§ Exercise directions
Exclude the pictures, then repeat exactly each line from the one containing "1990 Holden VN" to the final line of the records that follow.

Saved data entries:
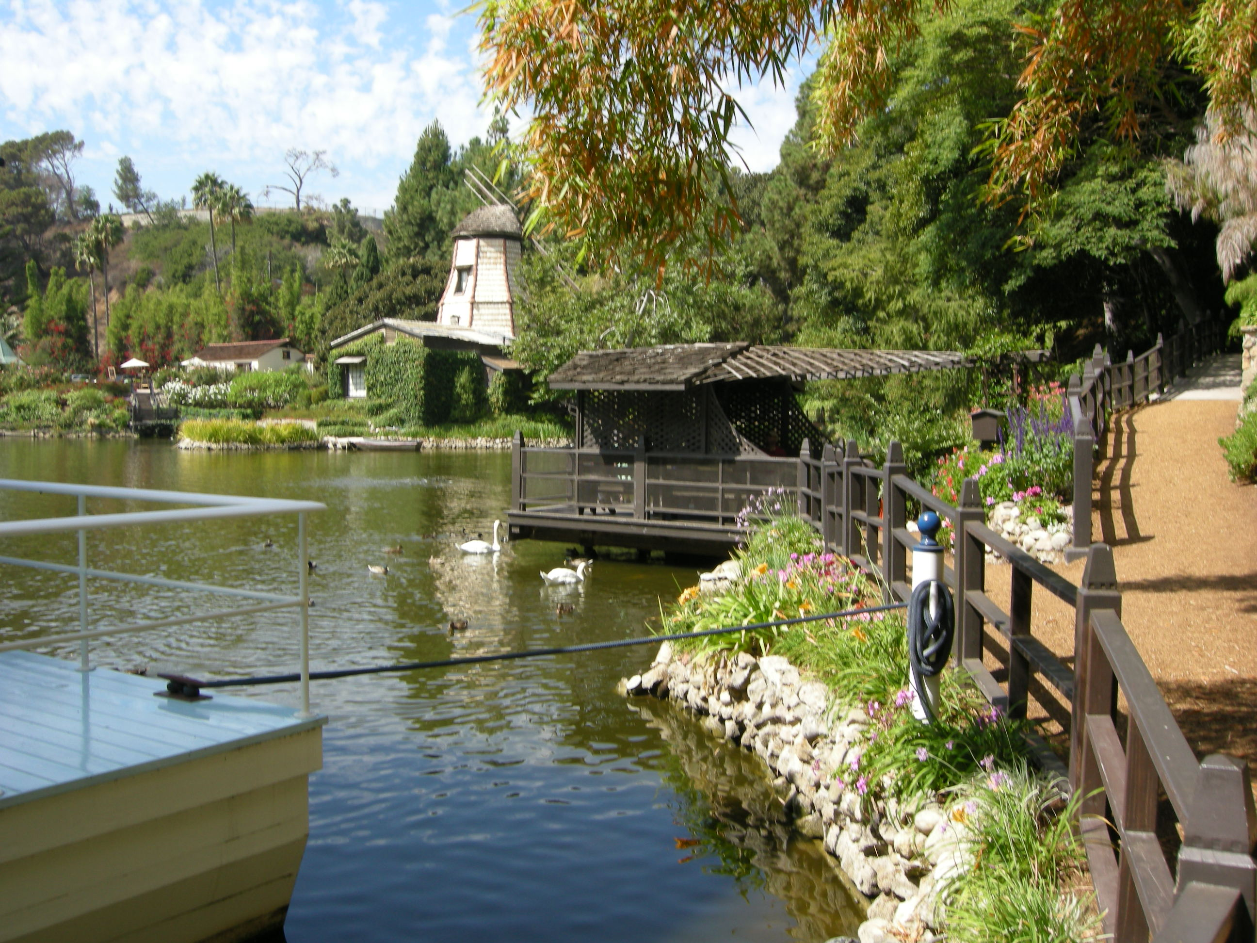 Dutch Windmill Chapel on the Lake Shrine, Los Angeles.
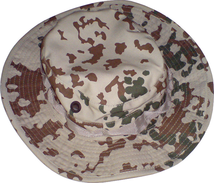 boonie hat in 3-color flecktarn
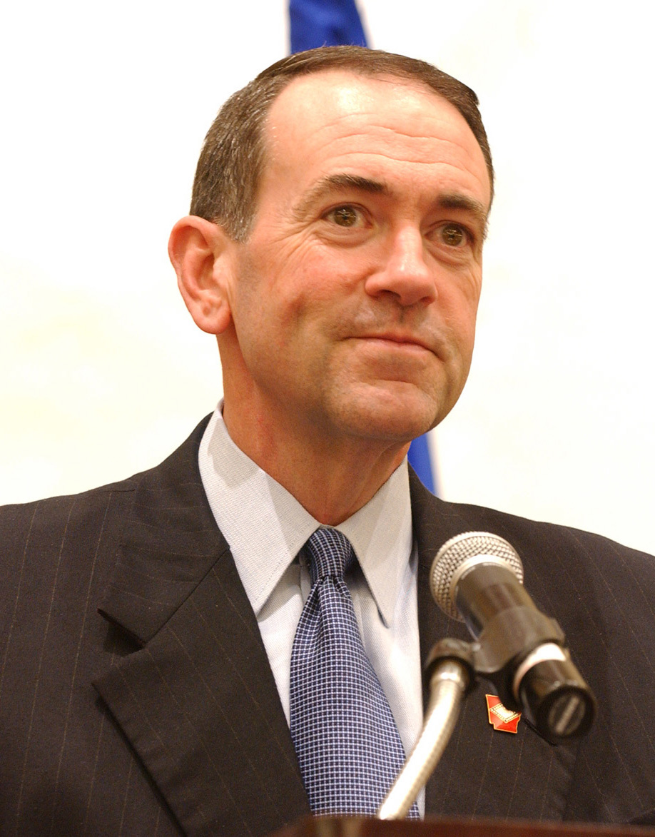 Mike Huckabee delivered the luncheon address on Friday and tells of his personal commitment to healthy choices.
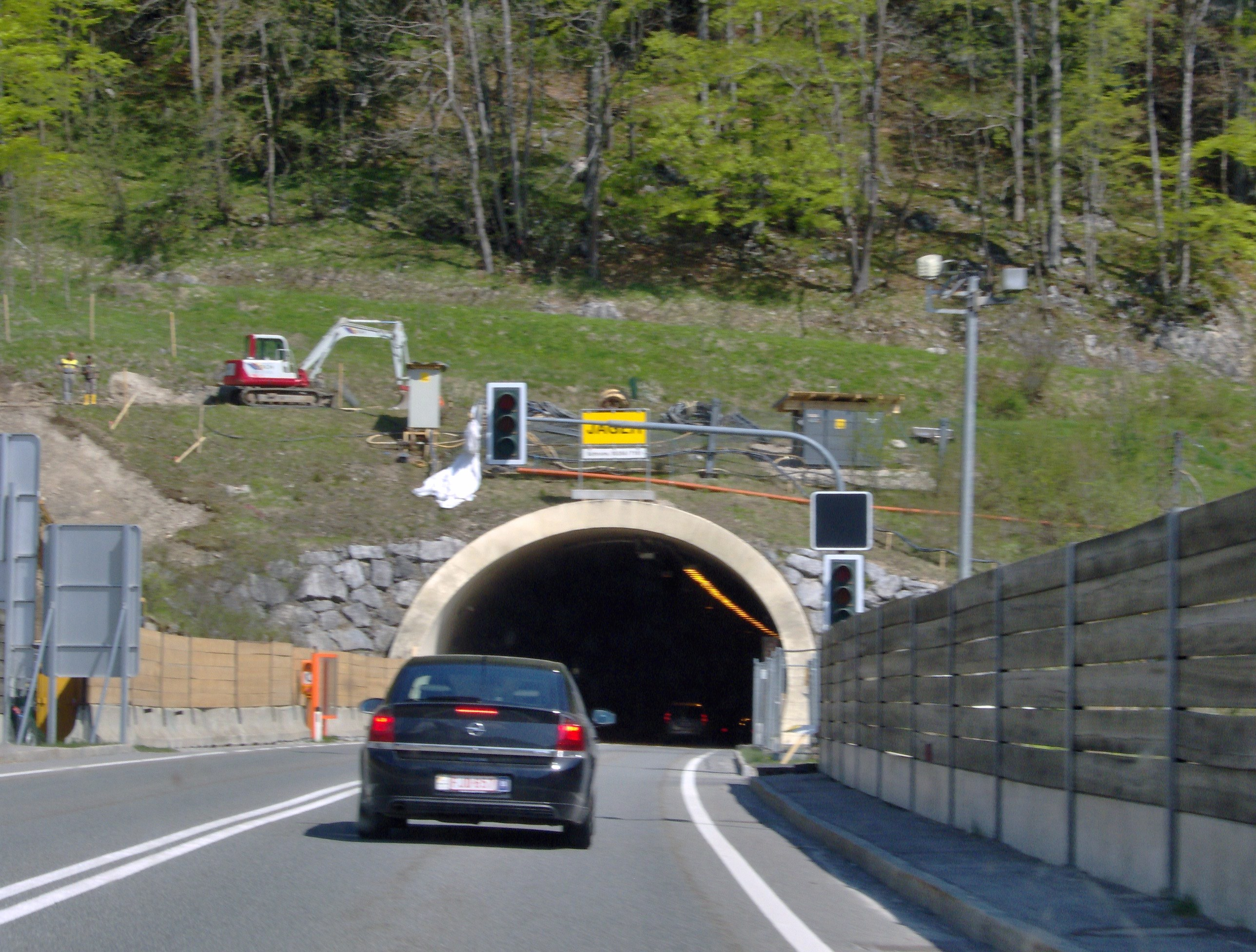 The Grenztunnel Füssen on the boarder between Germany and Austria, view on the southern tunnel inlet on Austrian side
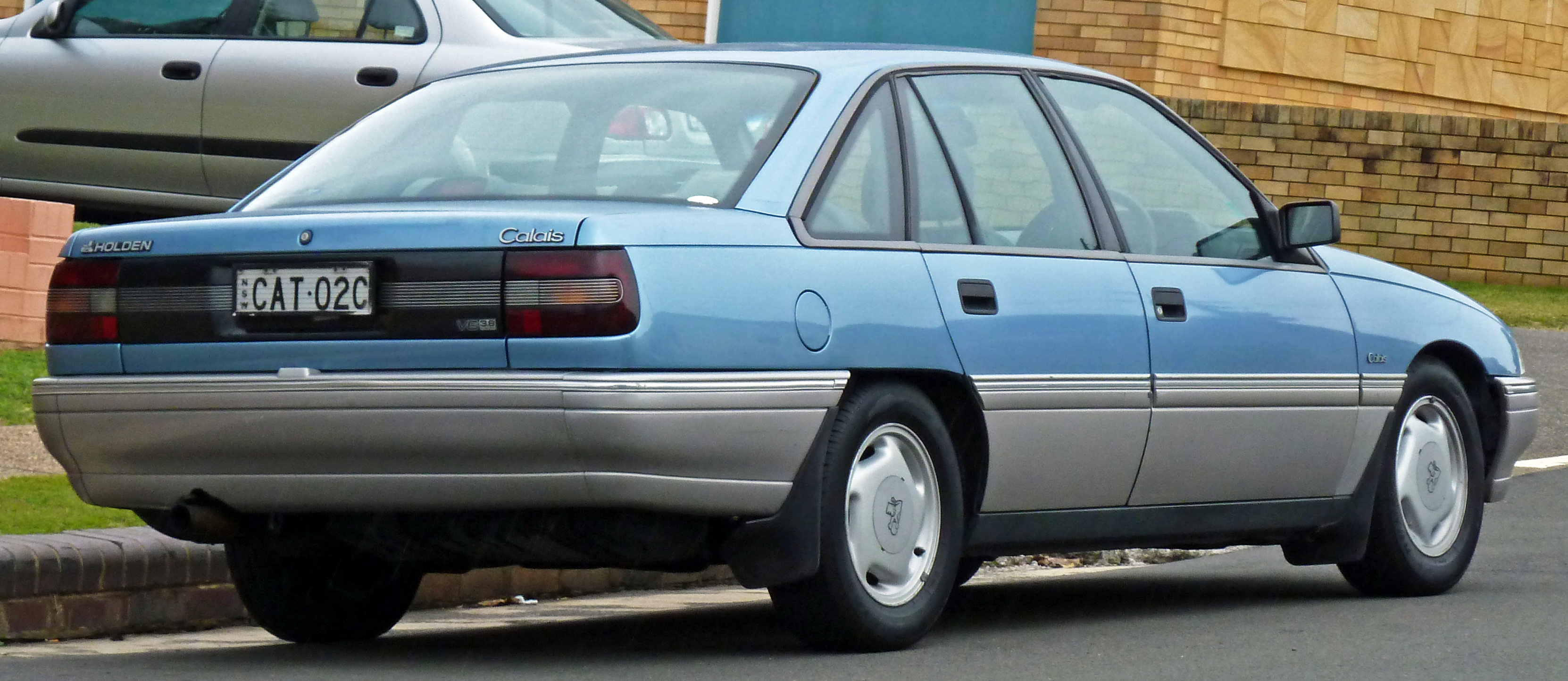 1990 Holden VN Calais sedan. Photographed in Cronulla, New South Wales, Australia.
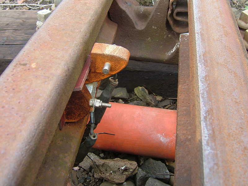 Original digital image. Signalhead 21:59, 23 January 2007 (UTC)

§ Finished exercise
 1990 Holden VN Calais sedan. Photographed in Cronulla, New South Wales, Australia.
 Original digital image. Signalhead 21:59, 23 January 2007 (UTC)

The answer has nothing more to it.